Less than two months after Amazon.com Inc. chief technology officer Werner Vogels revealed plans to bring its public cloud into Canada, the expansion has become official.
The company on Wednesday launched a new data center cluster in Montreal that consists of two separate campuses located a safe distance apart. As Amazon detailed in its announcement, the idea is to minimize the risk of a localized event such as a power outage knocking both sites offline and thus causing a nation-wide service interruption. It’s the same model that the provider has taken with its other cloud facilities down in the U.S. and elsewhere.
At the same time, there is often a great deal of variety between Amazon data centers that is influenced by factors such as the local weather and power availability. The company boasts that the two new Montreal campuses, which it refers to as Availability Zones, run on an electricity grid that is supported almost entirely by hydropower. Amazon has committed to switch half of its global infrastructure to sustainable energy sources by the end of 2017.
In the more immediate future, the new data center cluster will let its tens of thousands of Canadian companies to keep their applications closer to home. Local customers previously had to run their workloads in Amazon’s U.S. facilities and wait for every request to travel across the border.

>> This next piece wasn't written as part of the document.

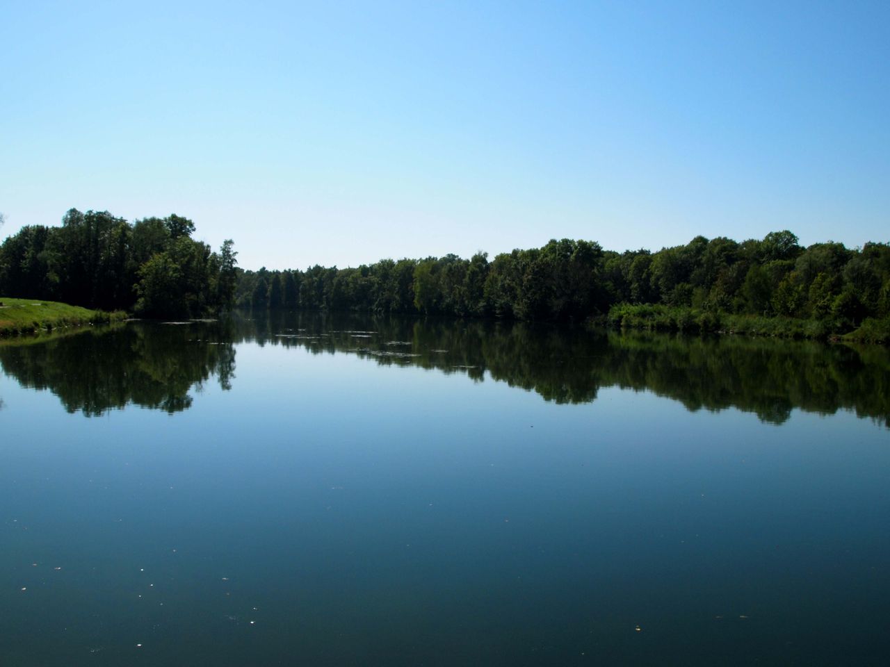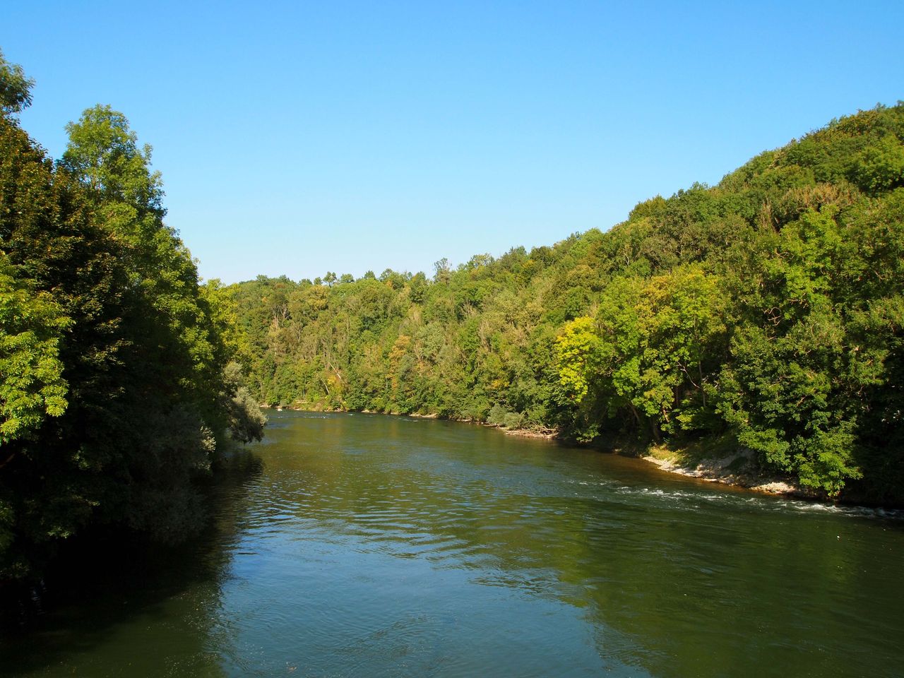 このあたりのドナウ川はまだヴュルツブルグ辺りのマイン川と同じくらいの川幅でのんびり流れている。ドナウ川もマイン川と同じく大陸の川らしく、透明度は無い。。けど、空と水と木々のコントラストは思わず息を飲む美しさである。

The improved access speeds that this week’s expansion will enable should help the provider better court companies with latency-sensitive workloads such as analytics applications. Plus, Amazon is now also in a better position to target the Canadian financial sector and other regulated industries where firms are prohibited from moving certain data to foreign jurisdictions. The National Bank of Canada, British Columbia Hydro and International Civil Aviation Organization are three of the customers that stand to benefit on this front.
Amazon is pursuing an aggressive expansion roadmap in a bid to bring the benefits of local cloud infrastructure to more regions. The company said that it intends to launch seven new data center campuses in the U.K., France and China over the coming months as part of the effort.
Its competitors are working just as hard to keep up. Google has committed to adding more than 10 new cloud facilities through 2018, while Microsoft Corp. recently expanded its Azure infrastructure-as-a-service platform to the U.K. IBM Corp. followed suit two months later by launching a cloud data center of its own in the strategically located English town of Fareham.